Sie sagen, dass Ihre Arbeit zeitlich schwierig einzuordnen ist, womit Sie eine gewisse Zeitlosigkeit anstreben. Was verleiht einem Gebäude diese dauerhafte Qualität, und was bedeutet dies für die Zukunft des Basler Immobilienmarktes?
Wir hören den Stimmen der Vergangenheit zu, gekoppelt mit einer tiefen Aufmerksamkeit für zukünftige flexible Nutzungen. Wir sind an Architektur interessiert, die in 200 Jahren noch kulturell relevant sein wird. Dies ist die ultimative Nachhaltigkeit, und in einer starken, stabilen Region wie Basel sind wir zuversichtlich, dass unsere Projekte, indem sie sich auf diese langfristige Relevanz konzentrieren, den Markt konstant übertreffen und unverzichtbare, hochwertige Vermögenswerte bleiben werden. Dies ist letztendlich eine andere Art, kulturell relevant zu sagen.

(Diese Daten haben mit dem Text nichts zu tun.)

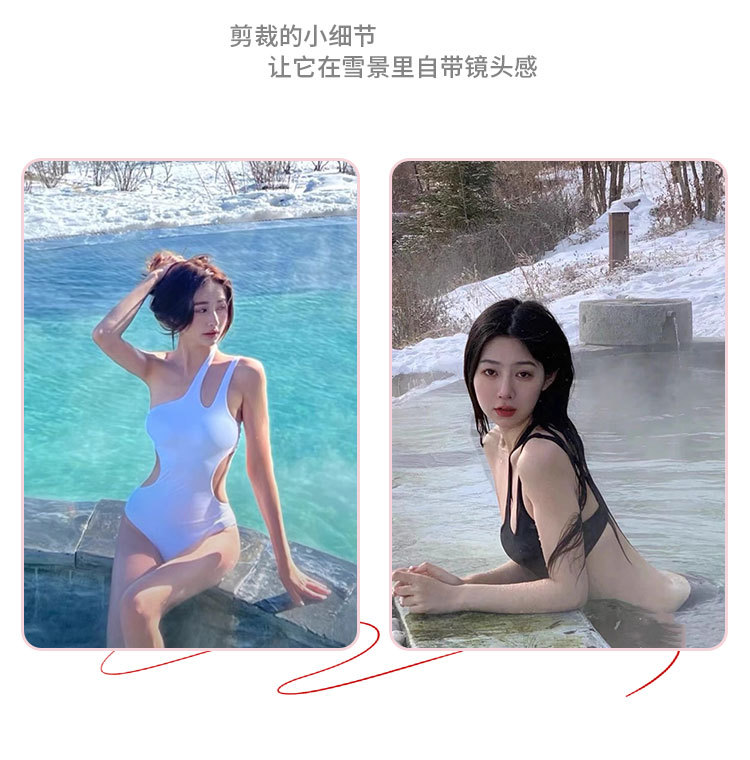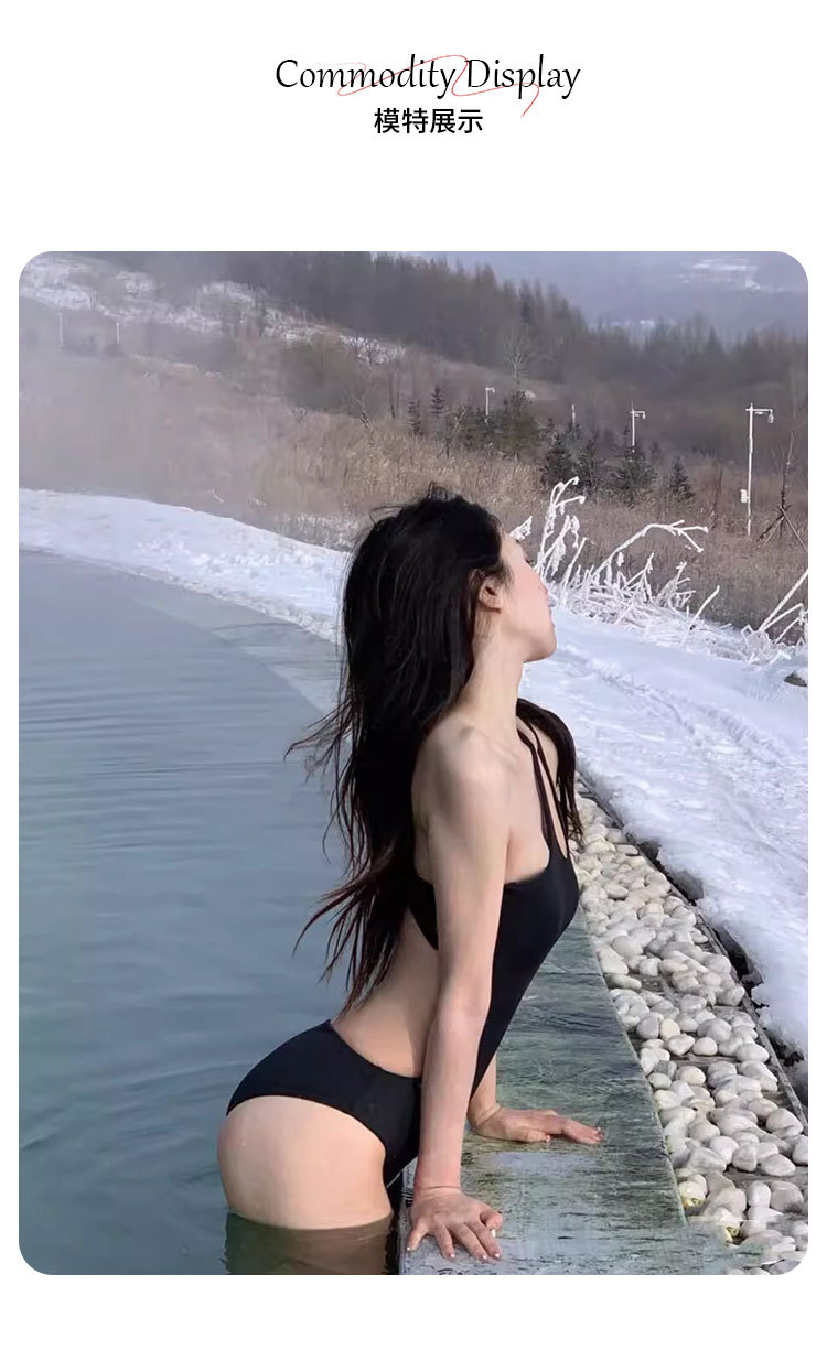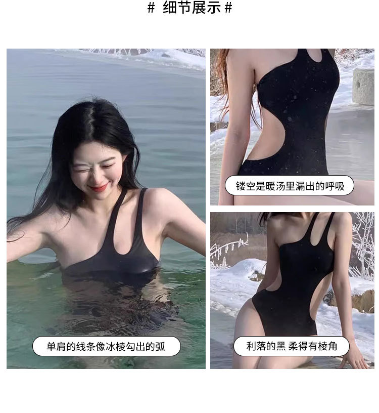 【单肩露背!黑色显瘦剪裁立体】冬日温泉服,女性感连体泳衣,黑色复古比基尼,小胸聚拢,露背女士泡温泉

Sie betonen oft, dass Architektur nicht starr sein darf. Wie übersetzen Sie diese Flexibilität in konkreten Mehrwert für einen Investor, der heute baut, aber die Bedürfnisse von morgen noch nicht kennt?
Wir entwerfen Gebäude als robuste und äusserst flexible Rahmenwerke, die Veränderung zulassen, statt sie zu verhindern. Im kHaus haben wir bewusst Räume geschaffen, die nicht bis ins letzte Detail vorprogrammiert sind. Diese «Offenheit» ist kein Mangel, sondern eine strategische Qualität: Sie erlaubt es dem Gebäude, Nutzungen aufzunehmen, die wir heute noch gar nicht vorhersehen können. Für einen Investor bedeutet das maximale Risikominimierung: Ein Gebäude, das sich anpassen kann, veraltet nicht. Es bleibt relevant, marktfähig und profitabel, egal wie sich die Gesellschaft wandelt.
Den Entwurf einer Zeichnung betiteln Sie als «approximativen Orbit», bei dem die Flugbahn langsam um das Problem herum angepasst wird, bis man die ideale Lösung erreicht, anstatt eines direkten Wegs, der oft in einem Absturz endet. Hängt dieser iterative Prozess mit dem Risiko zusammen, in den eigenen Ideen gefangen zu sein?
Absolut. Der Architekt war immer ein Generalist, aber langsam umgeben wir uns mit Vorschriften und Beratenden, die riskieren, uns in Spezialisten zu verwandeln. Doch leider denkt ein Spezialist nicht über fundamentale Fragen nach. Und oft erzeugt diese Hyperspezialisierung Rahmenbedingungen, in denen die-jenigen überleben, die eine grenzenlose Leidensfähigkeit haben, was keinen Sinn ergibt. Wenn wir eine Architektur der Verbundenheit anstreben, streben wir auch einen Beruf an, der Zeit zum Nachdenken gibt.
Demnach scheinen Sie eine Architektur ohne Datumsstempel oder Autoren-Markenzeichen anzustreben – stattdessen soll sie im Laufe der Zeit Bedeutung aus der Welt um sie herum aufnehmen. Welche Gründe haben Sie hierfür?
Weil ich nicht lediglich an den nächsten 15 Minuten interessiert bin. Mein Fokus ist definitiv auf die Art Architektur gerichtet, die auch in 200 Jahren noch kulturell relevant sein wird. Das ist für mich die Reinform einer ultimativen sowie nachhaltigen Architektur.